**AIM OF THE EXERCISE:** In the entries below, find the line with "西藏首屆弦子舞展演現(xià" and the line with "Co ciekawe, wykorzystując". Repeat exactly everything between them, those two lines included, but not the pictures.

**DATA:**
● ● ● ●
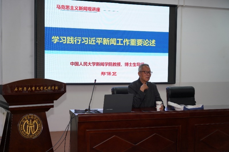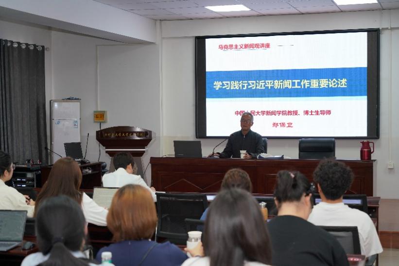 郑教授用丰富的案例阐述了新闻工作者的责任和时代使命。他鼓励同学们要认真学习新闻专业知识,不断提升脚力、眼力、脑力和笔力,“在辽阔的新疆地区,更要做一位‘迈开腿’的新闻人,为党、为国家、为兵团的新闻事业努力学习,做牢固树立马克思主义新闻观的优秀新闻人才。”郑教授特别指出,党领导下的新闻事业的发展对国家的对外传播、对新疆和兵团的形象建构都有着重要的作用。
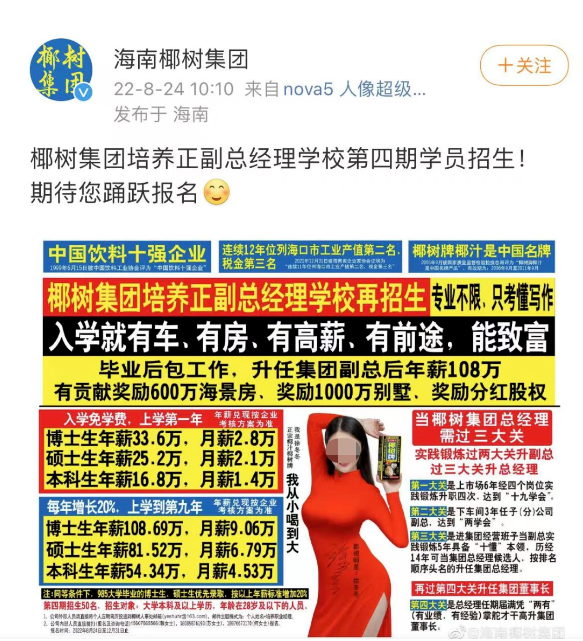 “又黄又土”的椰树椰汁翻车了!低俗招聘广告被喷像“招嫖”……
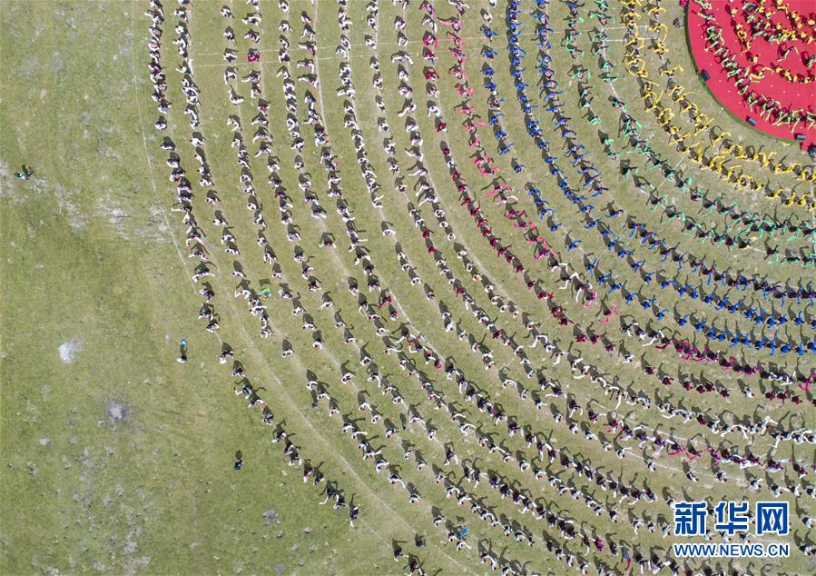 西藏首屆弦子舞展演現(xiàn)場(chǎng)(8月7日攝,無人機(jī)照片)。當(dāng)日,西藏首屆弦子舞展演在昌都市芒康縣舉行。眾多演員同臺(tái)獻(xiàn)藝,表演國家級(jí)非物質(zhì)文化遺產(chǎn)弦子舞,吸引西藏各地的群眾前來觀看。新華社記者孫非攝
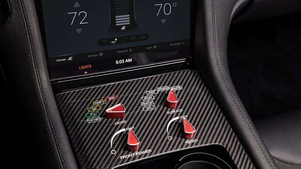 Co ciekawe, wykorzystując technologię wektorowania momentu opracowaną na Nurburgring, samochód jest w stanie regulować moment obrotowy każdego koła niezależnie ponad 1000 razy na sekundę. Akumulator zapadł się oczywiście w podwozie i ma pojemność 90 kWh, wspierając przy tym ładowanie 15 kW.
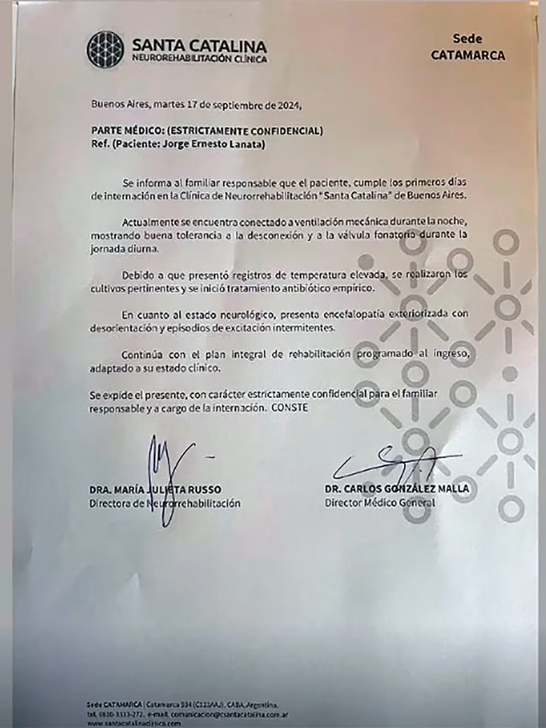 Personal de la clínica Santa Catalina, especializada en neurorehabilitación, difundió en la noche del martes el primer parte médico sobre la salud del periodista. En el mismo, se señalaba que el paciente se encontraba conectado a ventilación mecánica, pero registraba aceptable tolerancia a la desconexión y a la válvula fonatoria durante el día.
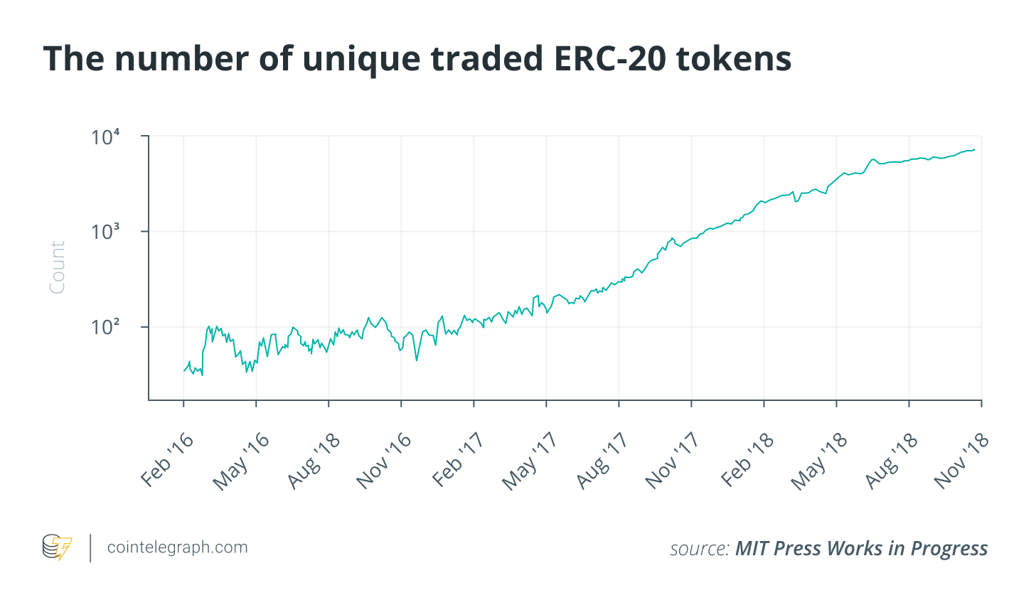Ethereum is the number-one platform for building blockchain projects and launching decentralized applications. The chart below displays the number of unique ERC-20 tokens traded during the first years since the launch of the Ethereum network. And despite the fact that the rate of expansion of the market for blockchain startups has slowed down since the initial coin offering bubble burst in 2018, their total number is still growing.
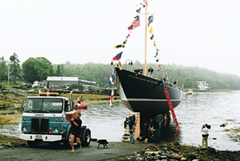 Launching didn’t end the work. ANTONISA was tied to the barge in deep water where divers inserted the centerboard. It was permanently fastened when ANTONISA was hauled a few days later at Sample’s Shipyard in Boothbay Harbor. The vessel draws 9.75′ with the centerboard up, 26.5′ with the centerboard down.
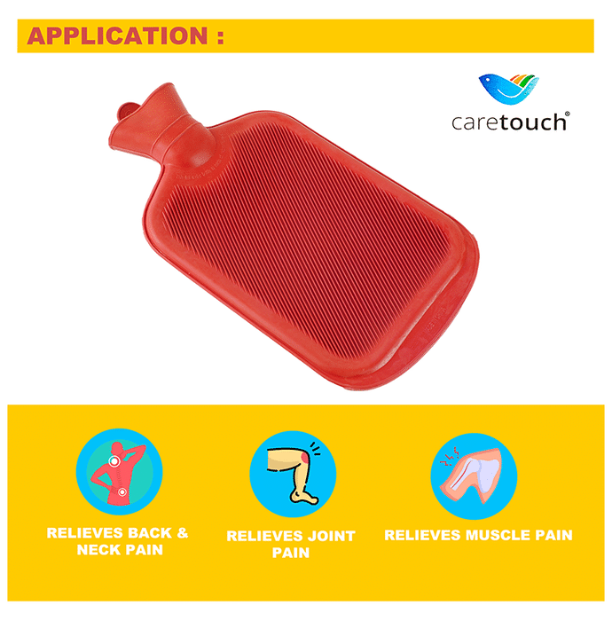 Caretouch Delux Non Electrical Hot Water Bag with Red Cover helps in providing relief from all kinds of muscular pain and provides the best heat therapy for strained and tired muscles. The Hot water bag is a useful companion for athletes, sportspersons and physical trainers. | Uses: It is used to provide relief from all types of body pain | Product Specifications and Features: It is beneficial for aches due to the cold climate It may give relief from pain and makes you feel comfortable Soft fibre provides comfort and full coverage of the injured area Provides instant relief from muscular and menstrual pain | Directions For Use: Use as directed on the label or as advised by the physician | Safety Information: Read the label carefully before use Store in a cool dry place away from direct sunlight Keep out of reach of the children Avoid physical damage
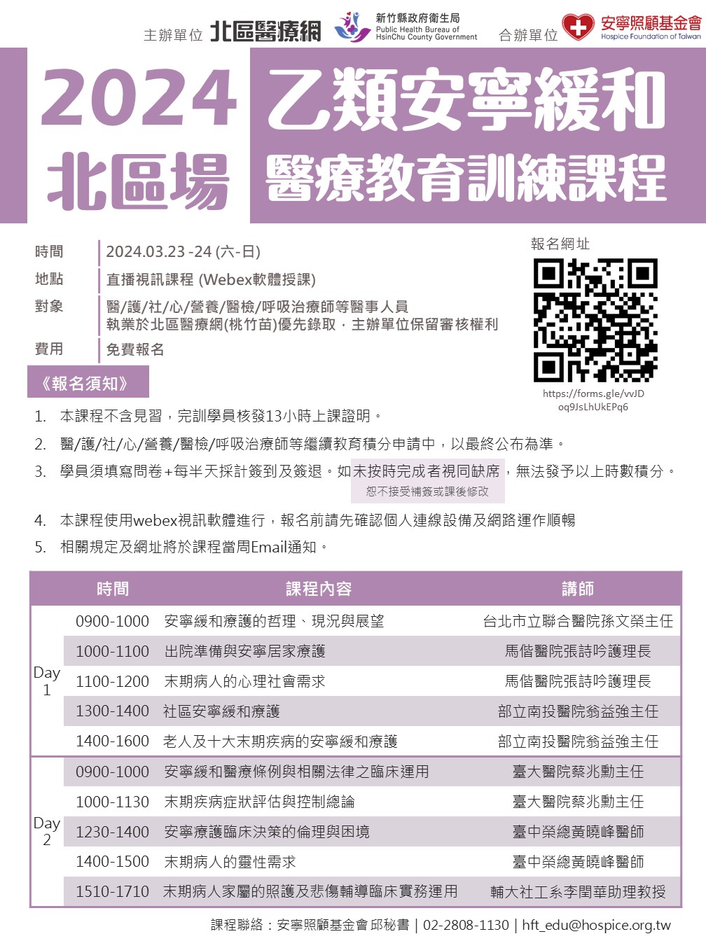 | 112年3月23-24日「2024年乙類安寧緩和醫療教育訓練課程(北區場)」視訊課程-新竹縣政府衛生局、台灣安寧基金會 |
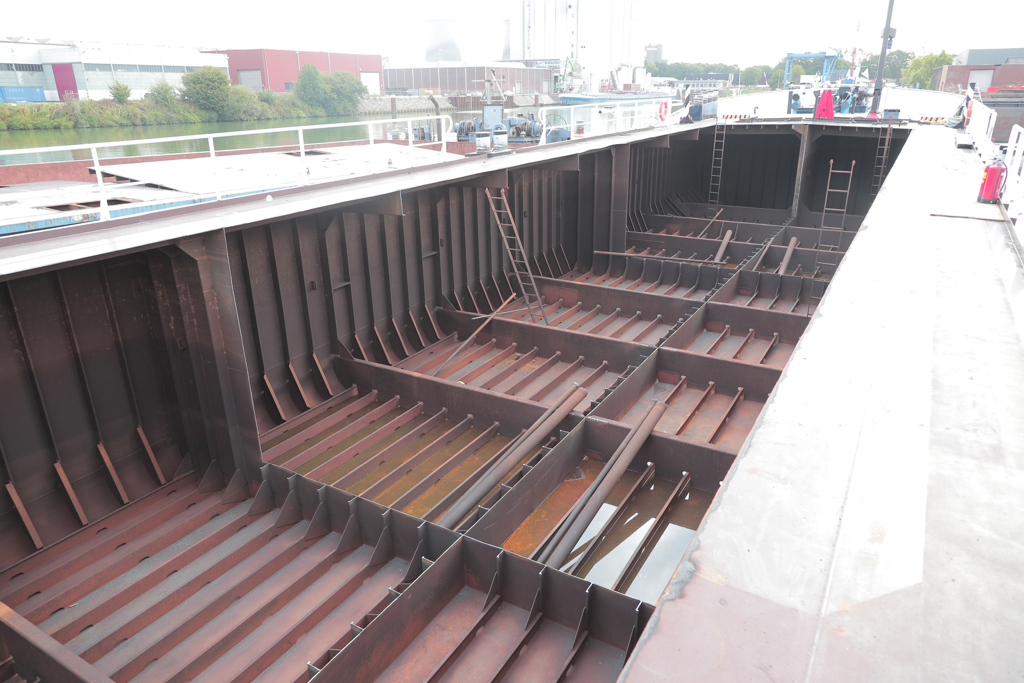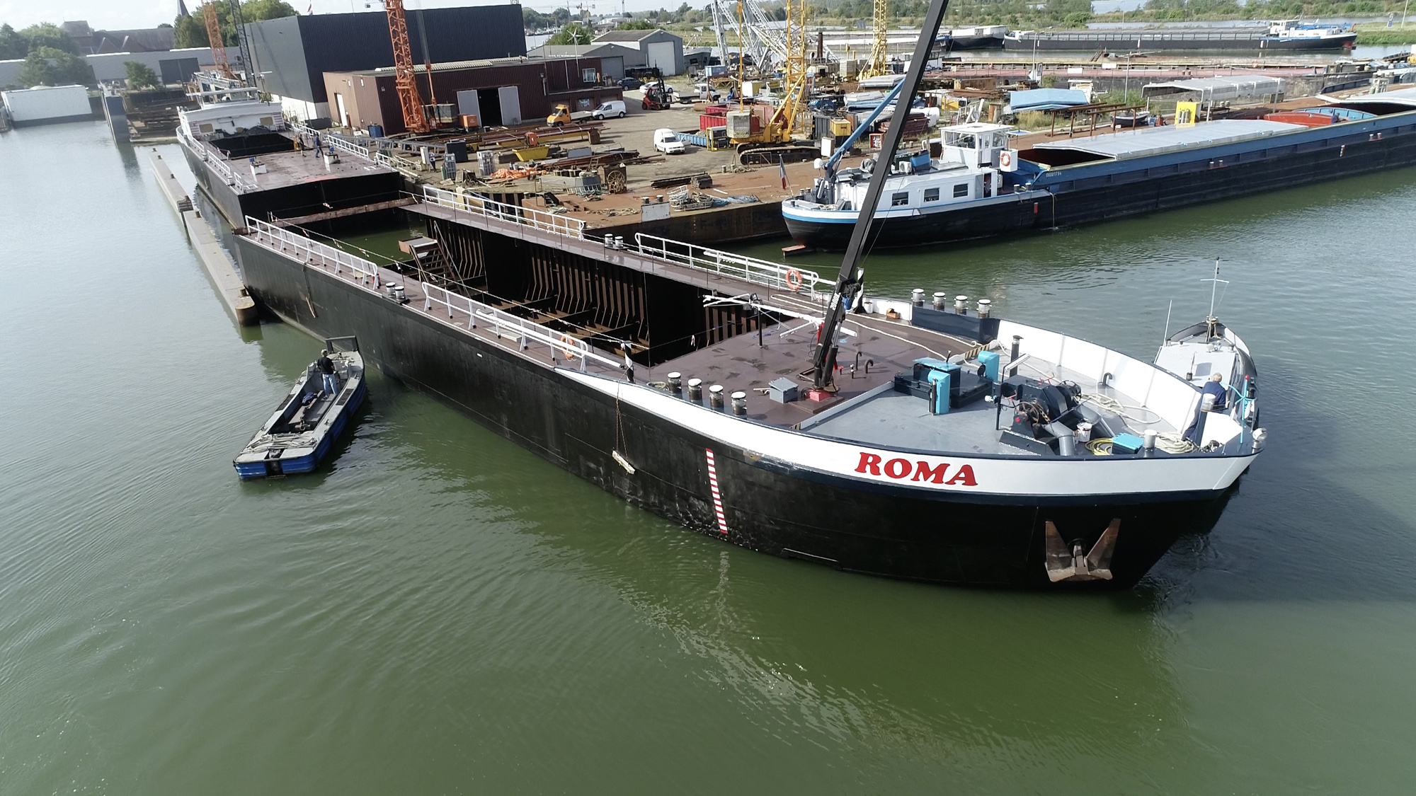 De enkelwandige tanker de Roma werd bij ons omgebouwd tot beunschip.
● ● ● ●
**TASK RESPONSE:**
 西藏首屆弦子舞展演現(xiàn)場(chǎng)(8月7日攝,無人機(jī)照片)。當(dāng)日,西藏首屆弦子舞展演在昌都市芒康縣舉行。眾多演員同臺(tái)獻(xiàn)藝,表演國家級(jí)非物質(zhì)文化遺產(chǎn)弦子舞,吸引西藏各地的群眾前來觀看。新華社記者孫非攝
 Co ciekawe, wykorzystując technologię wektorowania momentu opracowaną na Nurburgring, samochód jest w stanie regulować moment obrotowy każdego koła niezależnie ponad 1000 razy na sekundę. Akumulator zapadł się oczywiście w podwozie i ma pojemność 90 kWh, wspierając przy tym ładowanie 15 kW.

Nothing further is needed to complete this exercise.